Immer mehr Menschen wollen nicht weiter dem imperialen Streben (z.B. Militärbasen weltweit und in Deutschland), den alle Welt kontrollierenden Handlungen (z.B. NSA), den andauernden widerrechtliche Aktionen (z.B. Gefangenenlager nicht nur auf Cuba), den konsequenzen-reichen Lügen (z.B. 11.9.2001, Irak-Kriegsgrund) der USA folgen.
4. Es gibt eine kritische Haltung gegenüber der EU bei den Deutschen.  
Der Anteil in der gesamten EU-Bevölkerung, die ein negatives Bild von der EU haben steigt über 1/3 – laut offizieller Untersuchungen. Auch die Deutschen werden nicht über die EU gefragt, sogenannte „Europawahlen“ interessieren höchstens die Hälfte der Bevölkerung.
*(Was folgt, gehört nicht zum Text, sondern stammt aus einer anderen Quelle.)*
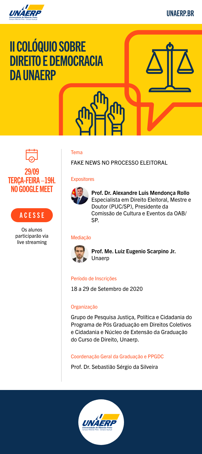 No dia 29 de setembro acontece o II Colóquio de Direito e Democracia da Unaerp, a partir das 19h. Com o tema “Fake News no processo eleitoral”, o evento será totalmente online e os alunos podem se inscrever até o dia 29/09, clicando aqui. Demais interessados podem assistir o evento pelo canal do YouTube da TV Unaerp, clicando aqui.
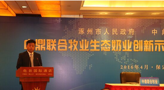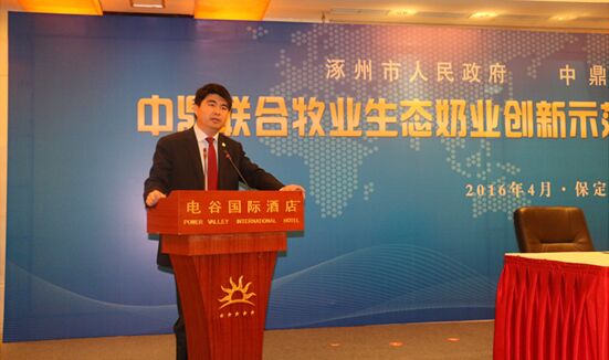 在簽約儀式上,涿州市市長(zhǎng)王彥清從地理區(qū)位、交通配套、基礎(chǔ)設(shè)施、產(chǎn)業(yè)資源和歷史人文等方面分析了涿州的各項(xiàng)優(yōu)勢(shì),王彥清表示“涿州市緊緊圍繞建設(shè)“京畿文化生態(tài)名城,世界城市功能新區(qū)”的總目標(biāo),聚焦“搶抓新機(jī)遇、建設(shè)新涿州”的總?cè)蝿?wù),深入推進(jìn)“文化引領(lǐng)、產(chǎn)業(yè)振興、創(chuàng)新驅(qū)動(dòng)、區(qū)域統(tǒng)籌”四大主體戰(zhàn)略,通過(guò)實(shí)施園區(qū)建設(shè)戰(zhàn)役拓空間、強(qiáng)功能、聚產(chǎn)業(yè)、謀創(chuàng)新,打造了一批產(chǎn)業(yè)和功能的承接平臺(tái),中鼎牧業(yè)作為河北省最大的創(chuàng)新型奶農(nóng)聯(lián)合體入駐涿州,對(duì)貫徹京津冀協(xié)同發(fā)展戰(zhàn)略和河北省綠色崛起戰(zhàn)略,打造京津冀奶業(yè)一體化協(xié)同發(fā)展和現(xiàn)代生態(tài)奶業(yè)的典范,積極推動(dòng)本市奶業(yè)發(fā)展具有深遠(yuǎn)意義”。涿州市人民政府將提升服務(wù)職能,在項(xiàng)目基礎(chǔ)設(shè)施配套、項(xiàng)目用地、項(xiàng)目規(guī)劃建設(shè)等方面成立專項(xiàng)服務(wù)小組,更快、更好、更有效地確保項(xiàng)目落地。

Über 70 % der Deutschen wollten den Euro nicht, sie wollen auch keine Europa-Zentralregierung, den Unsummen von Steuergeldern verschlingenden EU-Monsterapparat, die teils dummen Bevormundungen (z.B. EU-Regelungen über Gurken-Form und Apfelgröße) uvm.
Der Billionen-„Rettungsschirm“ der EU ist nach den Verträgen verboten, entsprecht aber der NATO-Beistandspflicht im Falle eines Angriffs auf ein EU-Mitgliedsland. Doch die NATO wird von den nicht-europäischen Interessen der USA bestimmt.  „im Krieg ist dann offenbar auch ein Rechtsbruch erlaubt, ohne das Volk zu fragen“ (Die Presse) 
Typischer Internet-Kommentar: „Wer ist dieser Schulz eigentlich? 90 Prozent der EU-Bevölkerungen kennen den gar nicht, und gewählt hat den auch niemand. Er soll sich zum Teufel scheren, ebenso wie die gesamte EU-Junta.“  (Bemerkung: Martin Schulz ist Vorsitzender des Europaparlaments)
5. Die Deutschen haben eigene Wirtschaftsinteressen im Verhältnis zu Rußland
Es sind die jahrzehntelangen ökonomischen Verbindungen Ost-Deutschlands sowieso und auch Westdeutschlands (die strategischen deutsch-sowjetischen Röhrengeschäfte von 1959 bis 1962 sowie die Röhren-Erdgas-Geschäfte seit 1970) 
Die Deutschen haben Angst, durch unbesonnene Politik des Westens im Winter ohne Gas aus Rußland dazustehen.  
Sie wünschen sich eine neutrale Rolle Deutschlands im USA-Rußland-Konflikt, der stellvertretend über die Ukraine ausgetragen wird.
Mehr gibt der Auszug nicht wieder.